Alex Rotter, Christie’s Chairman of 20th and 21st Century Art, commented: “Tonight was a historic night for Christie’s and for the entire contemporary art market. The record-breaking sale of Warhol’s iconic portrait of Marilyn from the Collection of Thomas and Doris Ammann is a testament to the strength, the vibrancy, and the overall excitement of the art market today. This sale demonstrates the pervasive power of Andy Warhol as well as the lasting legacy that he continues leave behind in the art world, popular culture, and society.”
About Shot Sage Blue Marily
When Sam Hunter included Shot Sage Blue Marilyn on the cover of his seminal textbook, Modern Art: Painting, Sculpture, Architecture, Warhol’s portrait of Marilyn Monroe became one of modern art’s most familiar icons. As an emblem of the American Pop Art movement, Marilyn represented the optimism and individuality and of the post-war Renaissance, fame, and celebrity. And yet, 60 years after Monroe’s untimely death, Warhol’s image has become so much more than the symbol of a single artistic movement. Marilyn is a Masterpiece, not bound to time or place.

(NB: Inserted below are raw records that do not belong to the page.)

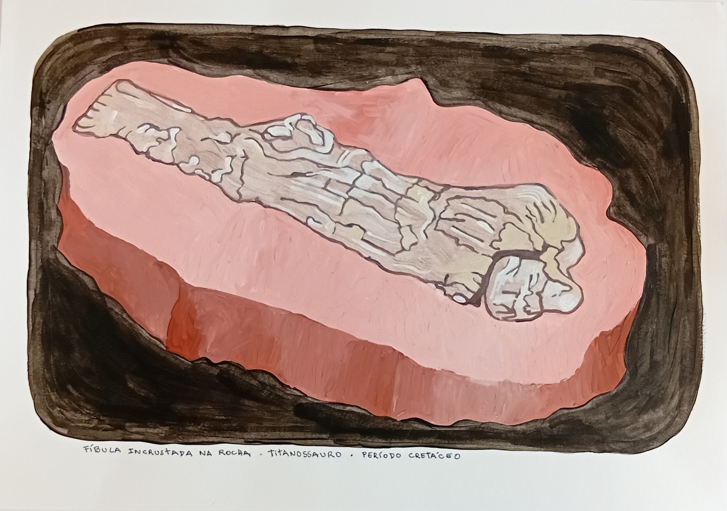 Apresenta a representação de uma fíbula de titanossauro incrustada na rocha, evocando um vestígio fossilizado do período Cretáceo, destacado por um núcleo em tons rosados que contrasta com a moldura escura ao redor. O osso, delineado com traços orgânicos e fissuras sutis, sugere a passagem do tempo e os processos geológicos.
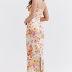Impozantna maksi haljina s cvjetnim uzorkom koja isijava ženstvenost i eleganciju. Njeno usko krojenje ističe siluetu, dok dekolte s tankim naramenicama pruža osjećaj suptilne privlačnosti. Komad koji kombinira romantiku i luksuz, idealan za posebne prigode.
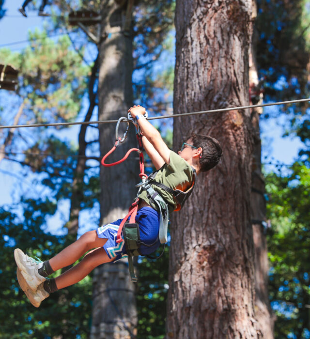 Acrobates en herbe ou aventuriers, évoluez d’arbres en arbres au fil des 17 parcours acrobatiques et des 150 ateliers, perchés entre 1 et 17m de haut. Des difficultés croissantes et 100% sécurisées grâce à la ligne de vie continue pour tous, vivez des sensations fortes en famille ou entre amis.
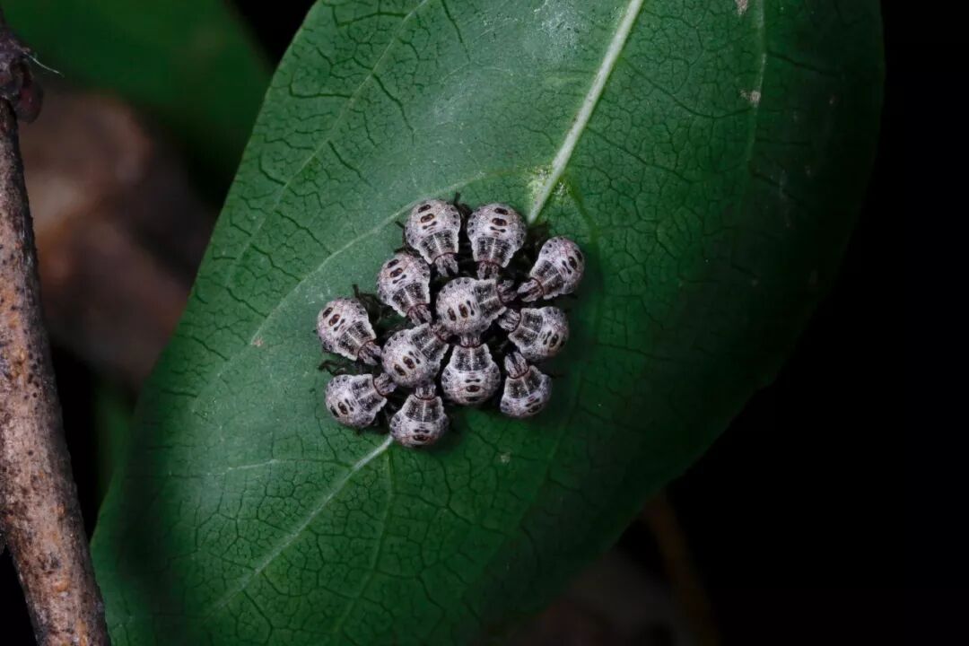 蝽科若虫常会在孵化后短暂群集。图片:翦翳翎
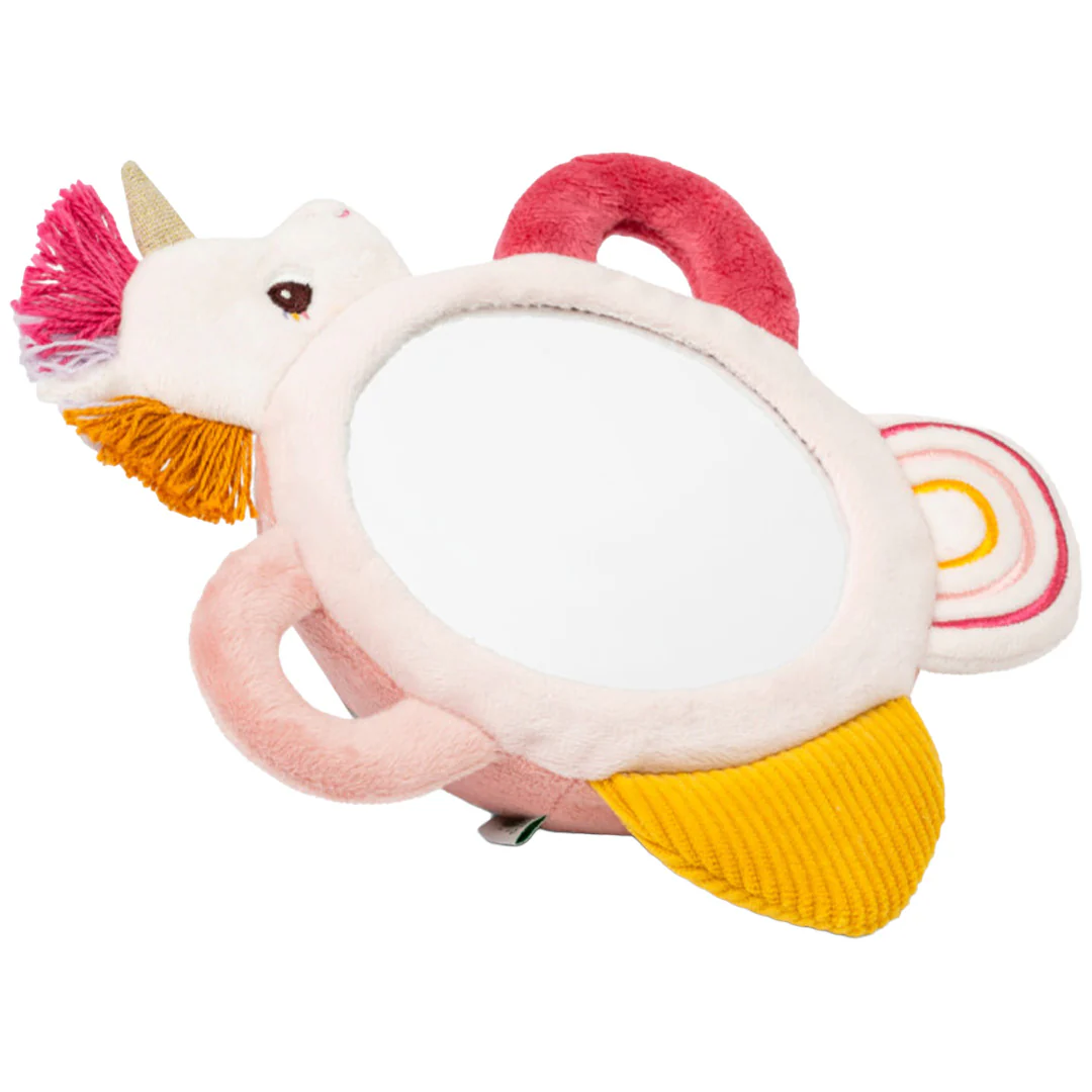 Wie zie je in de spiegel? Deze activiteitenknuffel ‘Ontdekkingsspiegel Lena de Eenhoorn’ van het Belgische merk Lilliputiens helpt de baby met ontdekken! Terwijl dit knuffelspeelgoed ook nog eens heerlijk zacht is.

The news of Monroe’s death on 5 August 1962 struck a personal chord for Warhol, who began immortalising her in his work shortly thereafter, utilising a cropped publicity still from the movie Niagara. As Warhol continued to perfect his subject matter, Monroe the star became Marilyn, the Masterpiece.
‘Warhol’s picture of Marilyn — surely now more famous than the photograph on which it is based — bears witness to her undiminished visual power in the new millennium,’ explains Georg Frei, Thomas Ammann Fine Art AG partner and editor of the Warhol catalogue raisonné. Indeed, as Monroe, the actress, fades from public consciousness, Warhol’s image of her remains instantly recognizable within the canon of art.